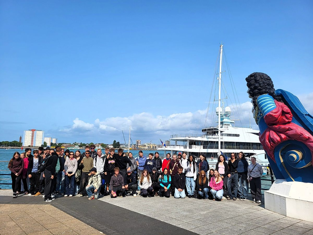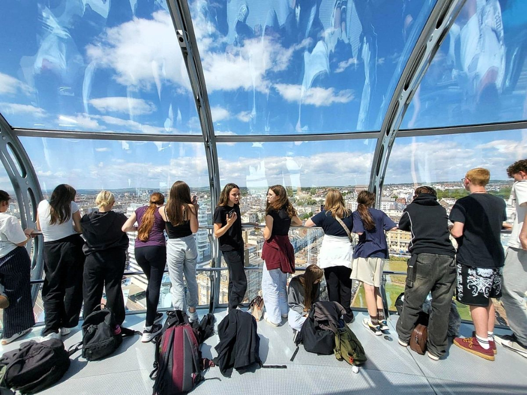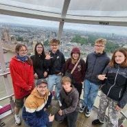 Vyvrcholením zájezdu byl, samozřejmě, Londýn. I přes nevlídné počasí jsme se projeli po řece Temži, viděli nultý poledník, a celé město jsme si prohlédli z výšky z London Eye. Nezapomněli jsme ani na genius loci celého Londýna, Big Ben. Zamávali jsme jejímu veličenstvu králi Karlu III. přes okna Buckingham Palace, nakoupili na Leicester Square a projeli se londýnským metrem.
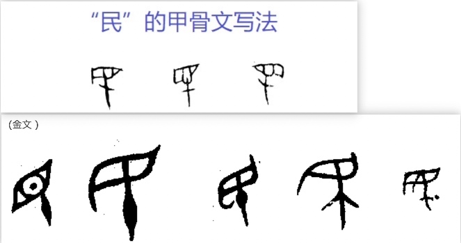 “民”字在甲骨文中看似头戴枷锁的人,同时也像眼睛被刺的人,所以古代的“民”极有可能是为统治者服务的,与牛马无异。 而“人,天地之性最贵者也”,“人”和“民”是不同的,所谓“一人有庆,兆民赖之”,作为“域中四大”的“人”,自然应该区别于眼睛蒙蔽的“民”,区别于供人驱策的牛马。 这也是为什么《道德经》里有些版本是的“域中四大”是“人”,有些版本的却是“王”,大概是担心人们错把“人”理解成“民”吧,值得追究!只有统治者才是“人”,被统治者充其量只算“民”。
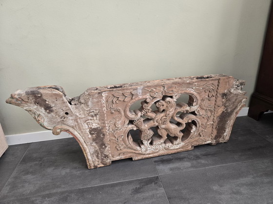 Questa splendida scultura in legno, ricavata dal retro di una carrozza, emana un fascino senza tempo che può impreziosire qualsiasi ambiente. L'intaglio dettagliato mostra un'elegante raffigurazione che riflette l'arte di un'epoca passata.
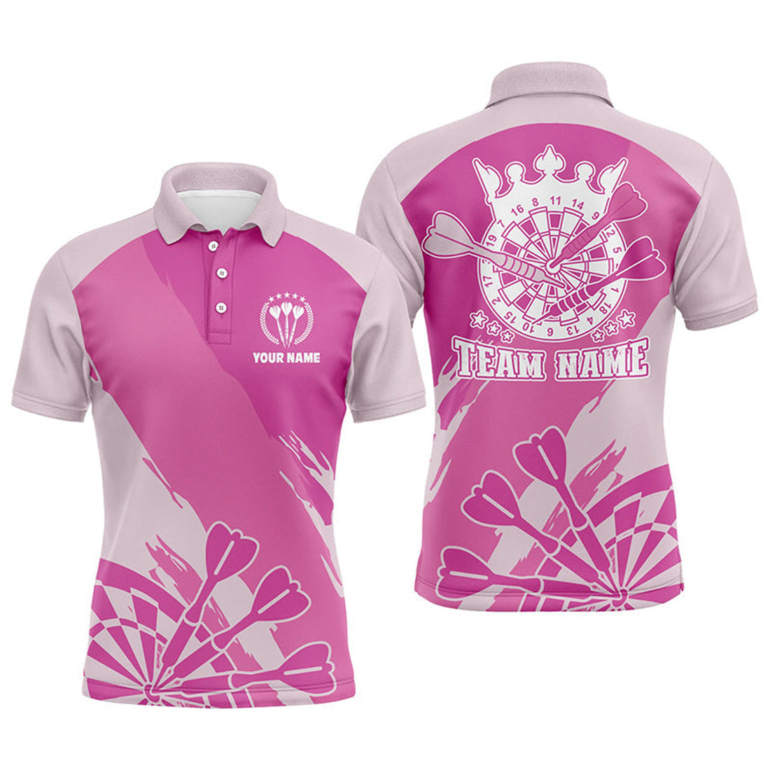 FUNSTUFFPRINT Personalized Pink Mens Darts Polo Shirt Custom Pink Cool Dart Polo Shirt Size S-5XL
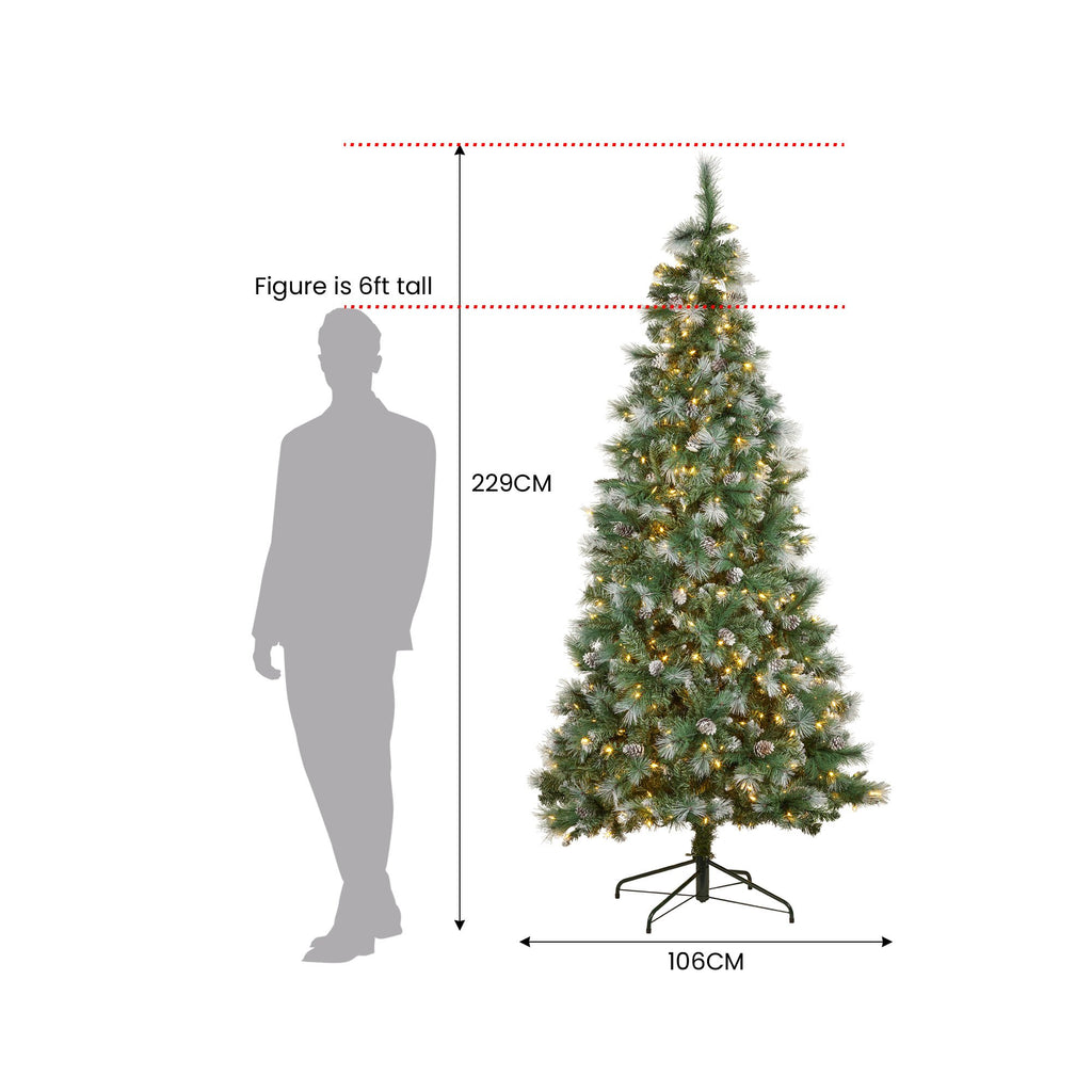 Turn your living space into a magical Christmas setting with the sophisticated Bayville Pine Christmas Tree. At a height of 7.5ft (229cm) and a width of 106cm, this tree is adorned with 400 warm white LED lights that create an elegant and delightful twinkling effect. The branches are interspersed with pine cones, enhancing the trees lifelike beauty. With 1068 tips on hinged branches, it presents a lush and full look, ideal for displaying your treasured ornaments. Crafted from durable PVC and steel, the Bayville Pine Christmas Tree provides a stunning and festive focal point for your holiday celebrations. Key Features:
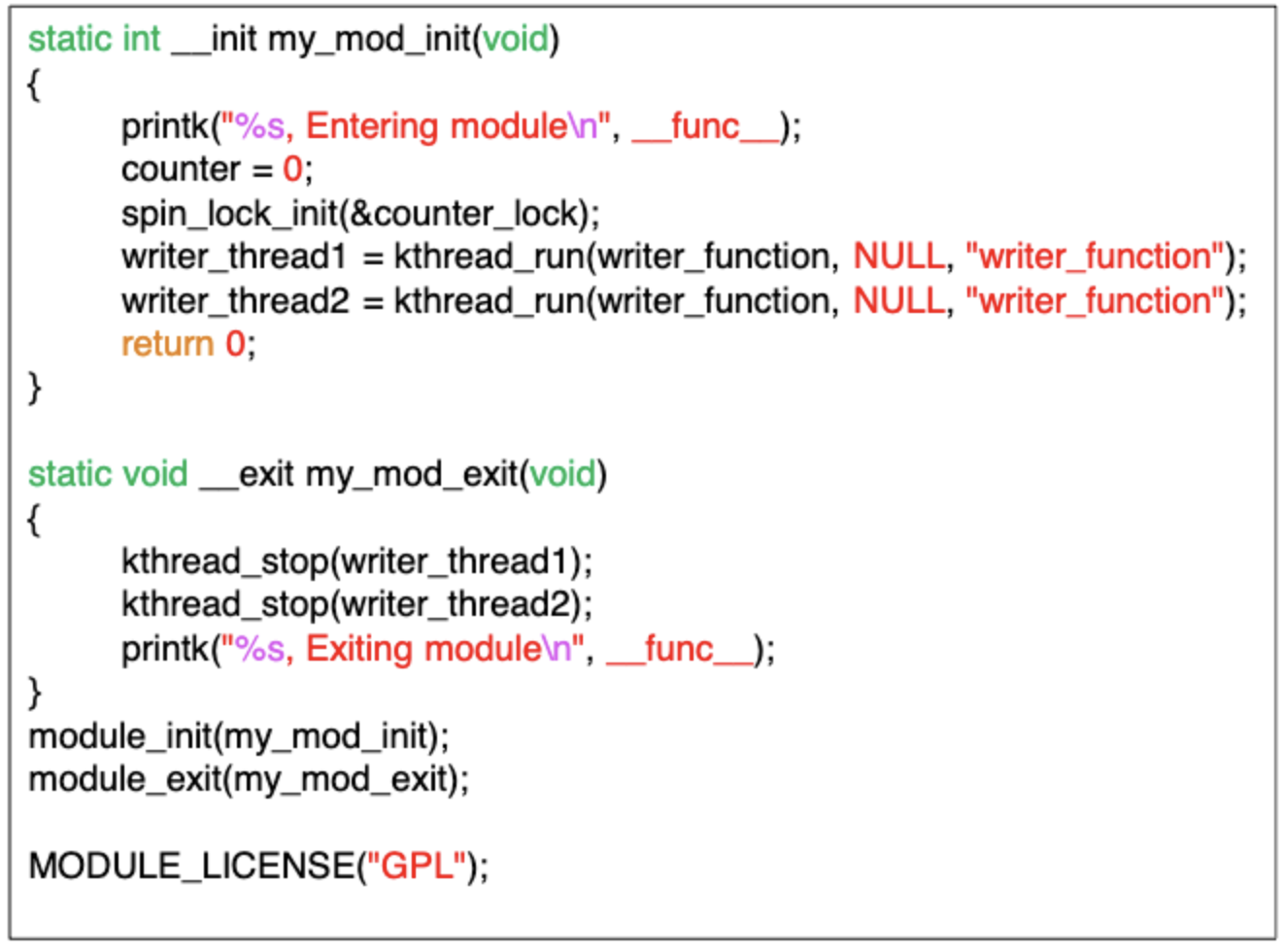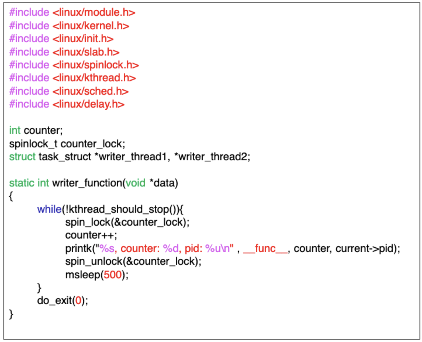 두개의 thread가 counter를 1씩 증가 시킨다. 공유자원인 counter를 1증가시키는 critical section을 보호하기 위해 spin_lock으로 감싼다. 두 쓰레드는 순차적으로 counter를 1씩 증가시킨다.
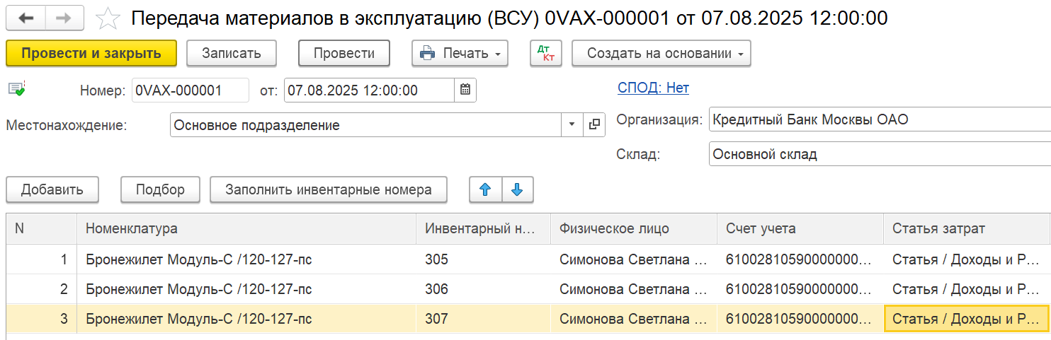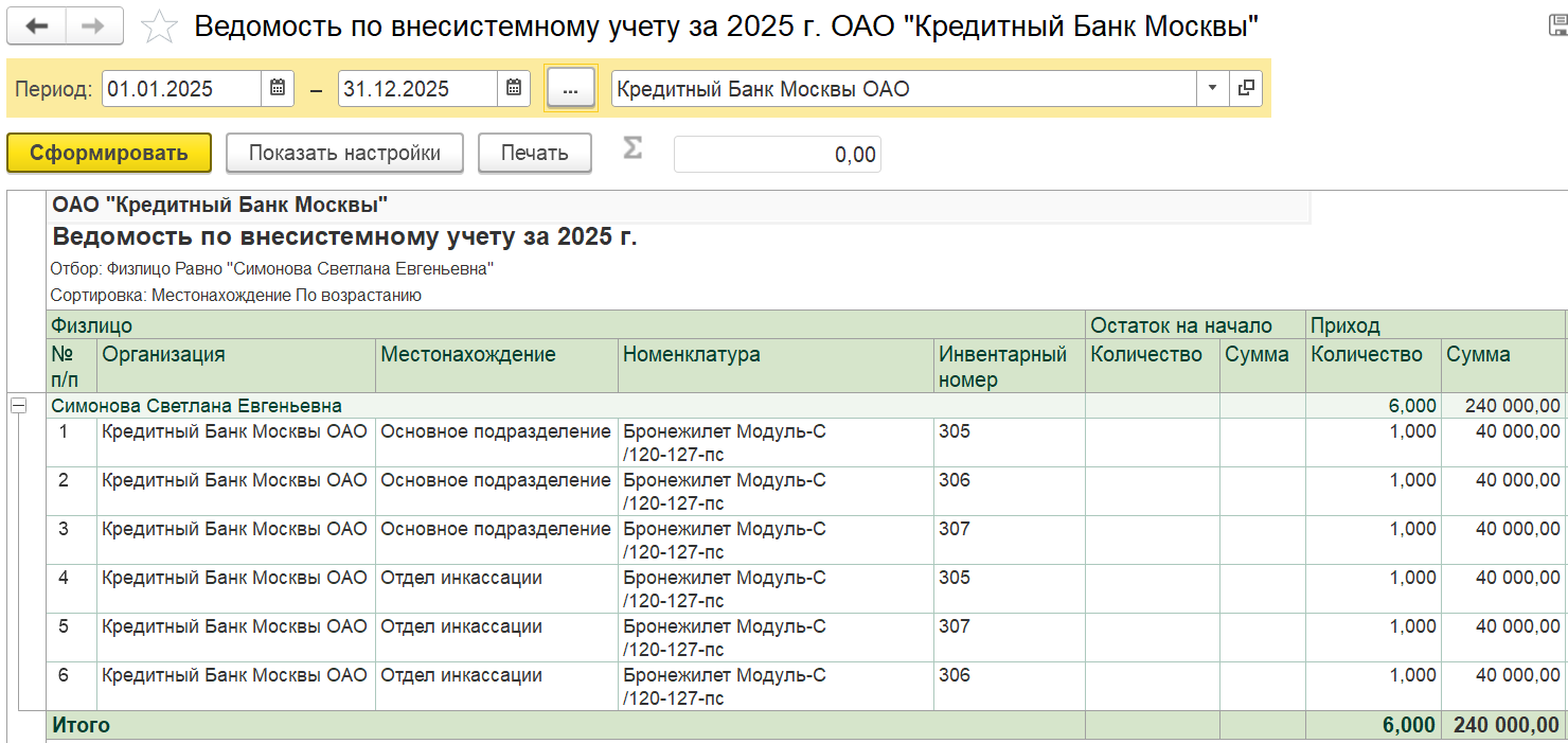 - Внесистемный учет материальных ценностей;

- _Exercise brief_
All of the entries above are to be restated word for word, minus the images.

- _Reply to the exercise_
 Vyvrcholením zájezdu byl, samozřejmě, Londýn. I přes nevlídné počasí jsme se projeli po řece Temži, viděli nultý poledník, a celé město jsme si prohlédli z výšky z London Eye. Nezapomněli jsme ani na genius loci celého Londýna, Big Ben. Zamávali jsme jejímu veličenstvu králi Karlu III. přes okna Buckingham Palace, nakoupili na Leicester Square a projeli se londýnským metrem.
 “民”字在甲骨文中看似头戴枷锁的人,同时也像眼睛被刺的人,所以古代的“民”极有可能是为统治者服务的,与牛马无异。 而“人,天地之性最贵者也”,“人”和“民”是不同的,所谓“一人有庆,兆民赖之”,作为“域中四大”的“人”,自然应该区别于眼睛蒙蔽的“民”,区别于供人驱策的牛马。 这也是为什么《道德经》里有些版本是的“域中四大”是“人”,有些版本的却是“王”,大概是担心人们错把“人”理解成“民”吧,值得追究!只有统治者才是“人”,被统治者充其量只算“民”。
 Questa splendida scultura in legno, ricavata dal retro di una carrozza, emana un fascino senza tempo che può impreziosire qualsiasi ambiente. L'intaglio dettagliato mostra un'elegante raffigurazione che riflette l'arte di un'epoca passata.
 FUNSTUFFPRINT Personalized Pink Mens Darts Polo Shirt Custom Pink Cool Dart Polo Shirt Size S-5XL
 Turn your living space into a magical Christmas setting with the sophisticated Bayville Pine Christmas Tree. At a height of 7.5ft (229cm) and a width of 106cm, this tree is adorned with 400 warm white LED lights that create an elegant and delightful twinkling effect. The branches are interspersed with pine cones, enhancing the trees lifelike beauty. With 1068 tips on hinged branches, it presents a lush and full look, ideal for displaying your treasured ornaments. Crafted from durable PVC and steel, the Bayville Pine Christmas Tree provides a stunning and festive focal point for your holiday celebrations. Key Features:
 두개의 thread가 counter를 1씩 증가 시킨다. 공유자원인 counter를 1증가시키는 critical section을 보호하기 위해 spin_lock으로 감싼다. 두 쓰레드는 순차적으로 counter를 1씩 증가시킨다.
 - Внесистемный учет материальных ценностей;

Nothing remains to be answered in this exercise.